The findings of this study support the view that the extracts obtained using a high polarity solvent (methanol) were considerably more effective radical scavengers. Further, it was observed that there was a strong correlation of higher antioxidant activities with that of high total phenolic and flavonoid content in the methanolic leaf gall extracts of F. glomerata. The results of this study confirm the folklore use of F. glomerata leaf gall extracts as a natural antioxidant and justify the ethnobotanical approach in the search for novel bioactive compounds.
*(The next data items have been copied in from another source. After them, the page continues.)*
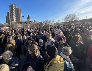 15.000 bis 20.000 Menschen folgen dem Aufruf zu der Kundgebung.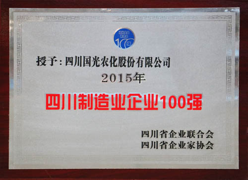 2015年11月26日下午,四川省企業(yè)聯(lián)合會、四川省企業(yè)家協(xié)會發(fā)布了《2015四川企業(yè)發(fā)展報告》,我公司再次榮獲四川制造業(yè)百強(qiáng)企業(yè)。四川國光農(nóng)資有限公司榮獲四川服務(wù)業(yè)百強(qiáng)企業(yè)。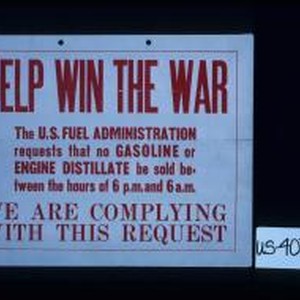 Help win the war. The U.S. Fuel Administration requests that no gasoline or engine distillate be sold between the hours of 6 p.m. and 6 a.m. We are complying with this request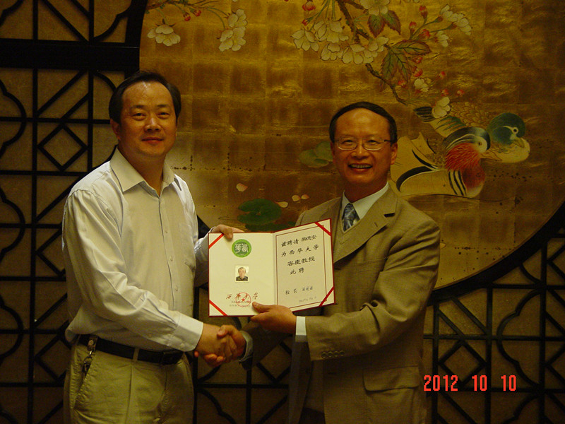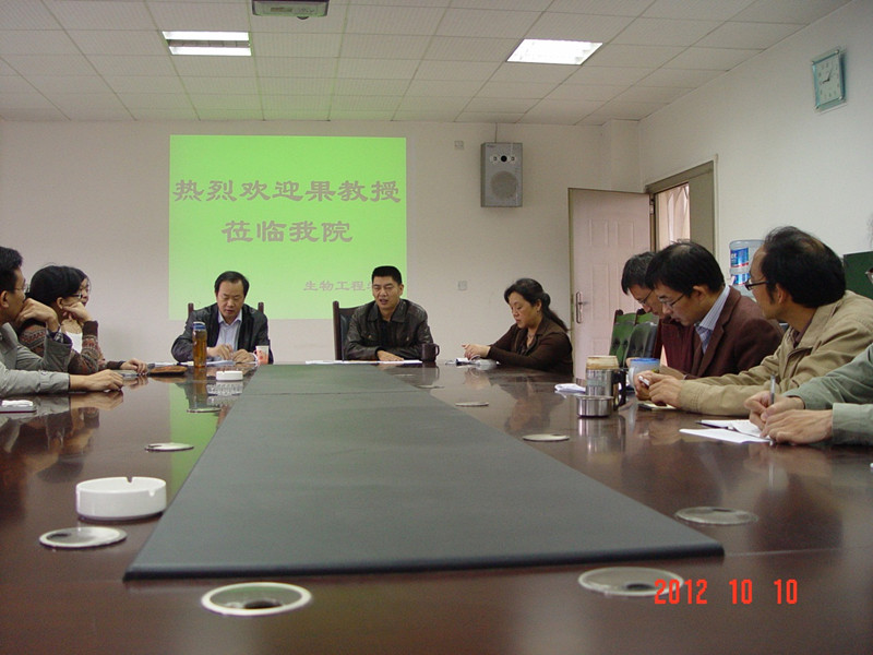 10月10日下午4点,中药标准化技术国家工程实验室主任、中国科学院上海药物研究所果德安教授来校,受到学校领导热情欢迎。校长孙卫国为果德安教授颁发了西华大学特聘客座教授聘书,生物工程学院党政领导参加了授聘仪式。 孙卫国校长向果德安教授(左一)颁发特聘客座教授证书 果德安教授与学院教师作学术交流 |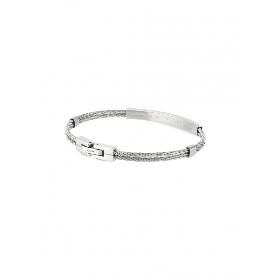 A pulseira One Men Endurance Silver em aço inoxidável apresenta um design contemporâneo e elegante. O corpo da pulseira é composto por um cabo de aço torcido, conferindo um visual robusto e masculino. No centro, uma barra lisa que adiciona um elemento de destaque sutil. O fecho é seguro e fácil de usar, garantindo que a pulseira fique firmemente no pulso. Este acessório é perfeito para quem procura um estilo moderno e versátil, adequado para diversas ocasiões.

Further, the results support the use of gall extracts as promising sources of potential antioxidants that may be effective as preventive agents in the pathogenesis of some metabolic diseases. Therefore, the results encourage the use of F. glomerata leaf gall extracts for medicinal health, functional food and nutraceuticals applications, due to their antioxidant properties. Future work will be interesting to know the chemical composition and better understand the mechanism of action of the antioxidants present in the extract for development as drug for therapeutic application.